XML parsing with unknown structure

One Star

XML parsing with unknown structure

Please have a look at the XML file structure below. We are looking for a way to parse this document without the need to specify the exact structure of the document. Is there some kind of way within the standard components from Talend where we can parse this document?
Basically what I would like to do is the following:
# Start parsing the document.
# Loop through the <products>
# For each element inside a product, find the next (new) element and save corresponding value and parent ID, etcetera.
EXAMPLE XML STRUCTURE
<?xml version="1.0" encoding="utf-8"?>
<ONIXmessage>
<product>
<a001>A14528039</a001>
<a002>01</a002>
<productidentifier>
<b221>02</b221>
<b244>3790827584</b244>
</productidentifier>
<productidentifier>
<b221>03</b221>
<b244>9783191072551</b244>
</productidentifier>
<b246>01</b246>
<b012>BB</b012>
<series>
<seriesidentifier>
<b273>01</b273>
<b233>Set-ID</b233>
<b244>C181</b244>
</seriesidentifier>
<b018>Contributions to Management Science</b018>
<b019>1386</b019>
<b020>1236</b020>
</series>
</product>
</ONIXmessage>

It would be great if we have a way to parse this and get the following output.
EXAMPLE OUTPUT
ID   Parent  Key                Value
1 A001 A14528039
2 A002 01
3 Productidentifier
4 3 b221 02
5 3 b244 3790827584
6 Productidentifier
7 6 b221 03
8 6 b244 9783191072551
9 b246 01
10 b012 BB
11 Series
12 11 seriesidentifier
13 12 b273 01
14 12 b233 Set-ID
15 12 b244 C181
16 11 b018 Contributions to Management Science
17 11 b019 1386
18 11 b020 1236

In other words: we don't now what elements we can expect in the XML structure.
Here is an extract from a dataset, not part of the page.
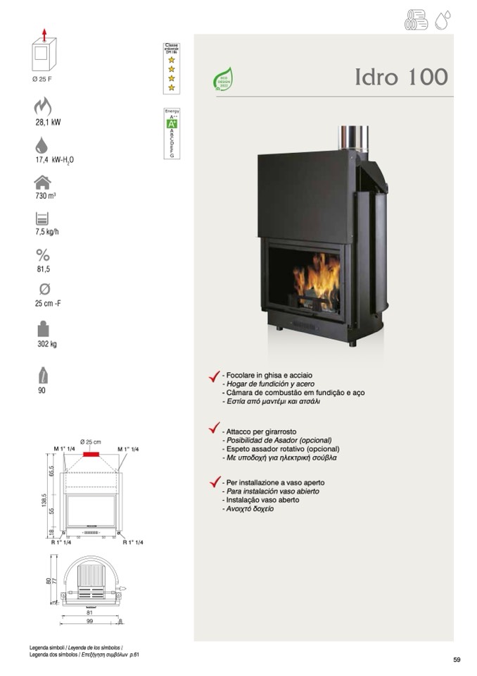 - Focolare in ghisa e acciaio

The component just should create a table containing (sub)elements and their corresponding key. I think a lot of people want a component like this and and my opinion I think it is very strange that an ETL tool like Talend does not have this.
Seventeen Stars

Re: XML parsing with unknown structure

What you need is something like a normalizer for XML which returns all tags with values and the path to the tag. Which such kind of component (it should use a SAX parser without memorizing the DOM) you should be able to retrieve everything - even unknown structures. I will take a look if I can create such component.
One Star

Re: XML parsing with unknown structure

We have already created some java which does the parsing. The problem is that we want to wrap the java code into a Talend component. It would be great if the component has an input parameter (the xml file to be parsed) and as an output a row containing key/value. How do we create such a component?
One Star

Re: XML parsing with unknown structure

Hi jlolling, can you please provide an update? What are the steps to take to convert our java code into a component?